Но самый чудовищный пример разрушения русского реалистического театра — это история наглого изгнания Татьяны Дорониной из МХАТа им. Горького, а ведь она успешно руководила им 30 лет. Уровень и потенциал этого театра, любовь зрителей я хорошо знаю, так как двадцать лет сотрудничал с ним в качестве автора. Мрачная фантазия заменить великую русскую актрису Доронину на средней руки театрального менеджера с подмоченной репутацией Боякова могла родиться только в голове какого-то высокопоставленного Поприщина. Чиновники, витийствующие о патриотическом воспитании и при этом отдающие МХАТ в руки Волкова, подозреваю, просто никогда не бывали в его подвальном театрике «Практика», где спектакли шли исключительно на матерном языке. Если же они знали об этом, то как тут не вспомнить полузабытое слово «вредительство», становящееся ныне все актуальнее.
— У вас все книги — о людях и обществе в целом и о той или иной социальной подгруппе. Советский человек — новый русский — новый россиянин — куда и как движемся, как происходит наша трансформация. Молодому поколению вы бы доверили страну? Это правда, что они стоят на позиции «ничего не знаю и знать не хочу»?
— Каждый литератор пишет о людях и обществе, просто многие делают это так, что читатель не может понять, о чем идет речь из-за многословного и скучного лукавства автора. Настоящий писатель должен быть, в том числе, социальным аналитиком и прогнозистом.
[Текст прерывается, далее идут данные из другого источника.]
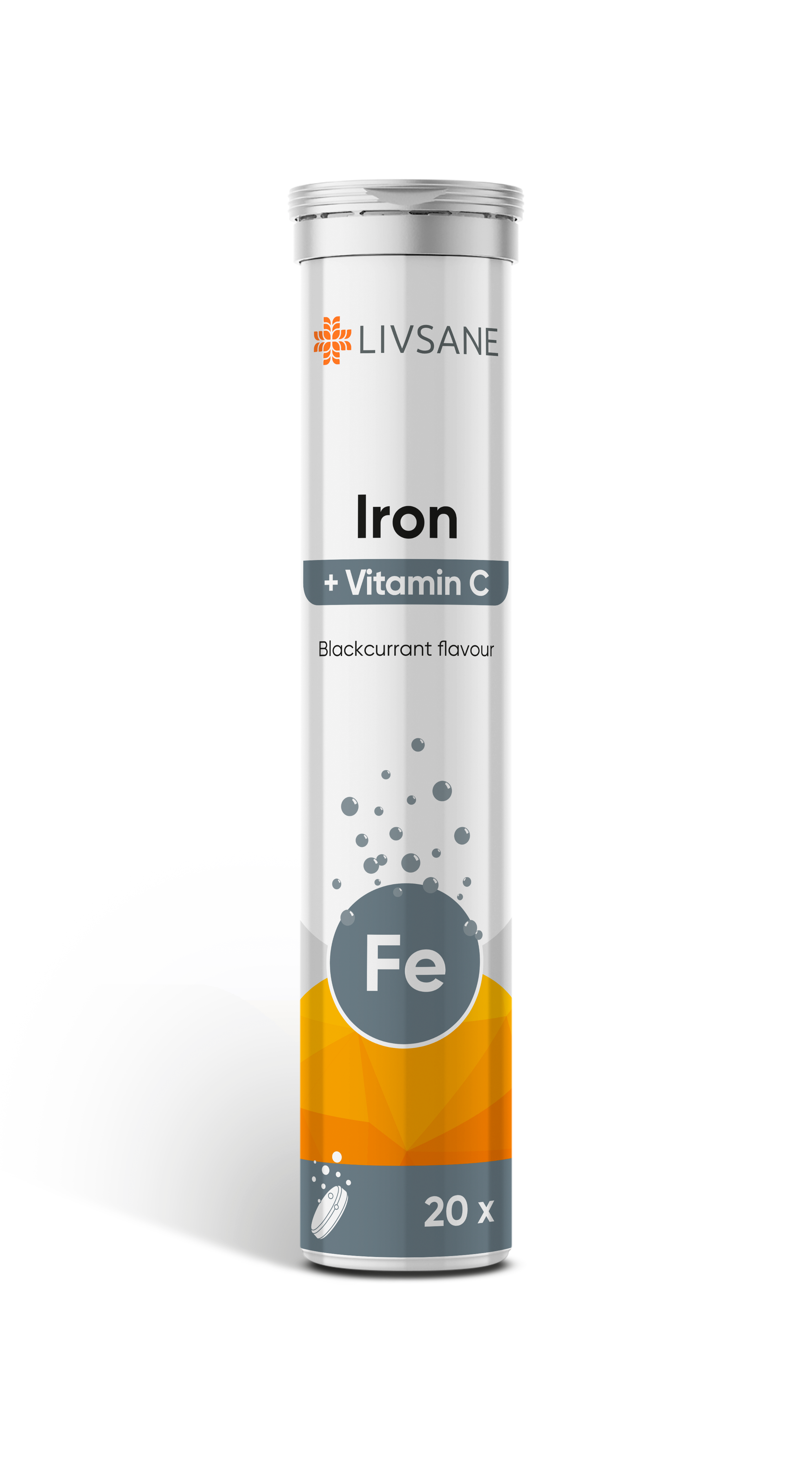 LIVSANE lahustuvad tabletid sisaldavad rauda ja C-vitamiini. Inimkeha efektiivseks tööks on vaja organismi pidevalt varustada rauaga. Raua ebapiisav tarbimine võib väljenduda mitmel erineval moel, näiteks kontsentratsioonivõime ajutises langemises või väsimuses. Raud on eriti oluline rasedatele ja rinnaga toitvatele naistele, naistele menstruatsiooni ajal, dieeti pidavatele inimestele ja sportlastele. Raud aitab kaasa normaalsele energiavahetusele, hapniku transpordile kehas ja toetab vere punaliblede moodustumist. Vitamiin C suurendab raua imendumist ja aitab vähendada väsimust ja kurnatust. Lahustuvad tabletid on meeldiva mustsõstra maitsega. Hoiatused: Oluline on toituda mitmekülgselt ja tasakaalustatult ning harrastada tervislikku elustiili! Mitte ületada päevaseks tarbimiseks soovitatavat kogust! Toidulisandit mitte kasutada mitmekesise toitumise asendajana! Hoida toodet lastele kättesaamatus kohas!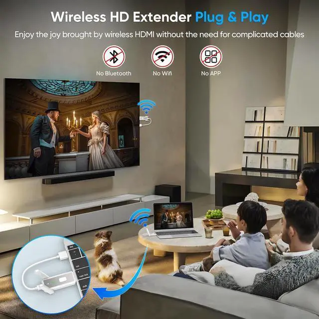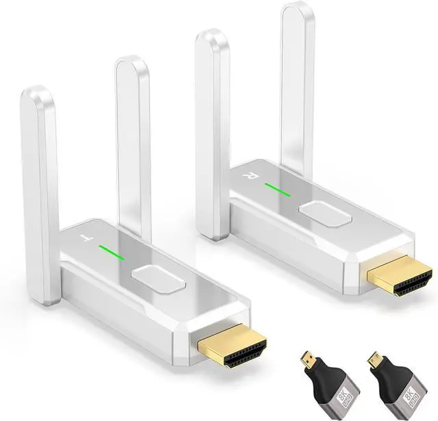 Extended Range, Plug and Play : HDMI sender and receiver wireless equipped with a dual-antenna system that enhances signal penetration, it achieves a transmission distance of up to 500 feet/150 meters, catering to diverse needs in homes and offices. No Wi-Fi, no Bluetooth requiredjust plug in and connect in seconds for a smooth video experience that enhances your life and work. Note: Transmission distance may reduce to 100 feet/30 meters when passing through walls.

Увы, в своих ранних повестях «ЧП районного масштаба», «Работа над ошибками», «Апофегей» я невольно предсказал ненадежность нового поколения советских управленцев. Однако, по-моему, класс нынешних управленцев еще ненадежнее. Даже не слишком обременительная государева служба, которую требует с них Путин, им в тягость. Этот гедонизм может дорого обойтись стране. Сами подумайте, какова должна быть степень разложения, если запрет на двойное гражданство и зарубежные счета пришлось вставлять аж в Конституцию! Тревожит меня и «бюджетный патриотизм», под знамена которого ради заработка сбежались толпы людей, еще недавно честивших «рашку» в хвост и в гриву. Ведь перебежать под другие знамена — вопрос нескольких минут. Я наблюдал это в 1991-м. Увы, в статье «Россия накануне патриотического бума» 1993 года я предугадал и торжество «бюджетного патриотизма».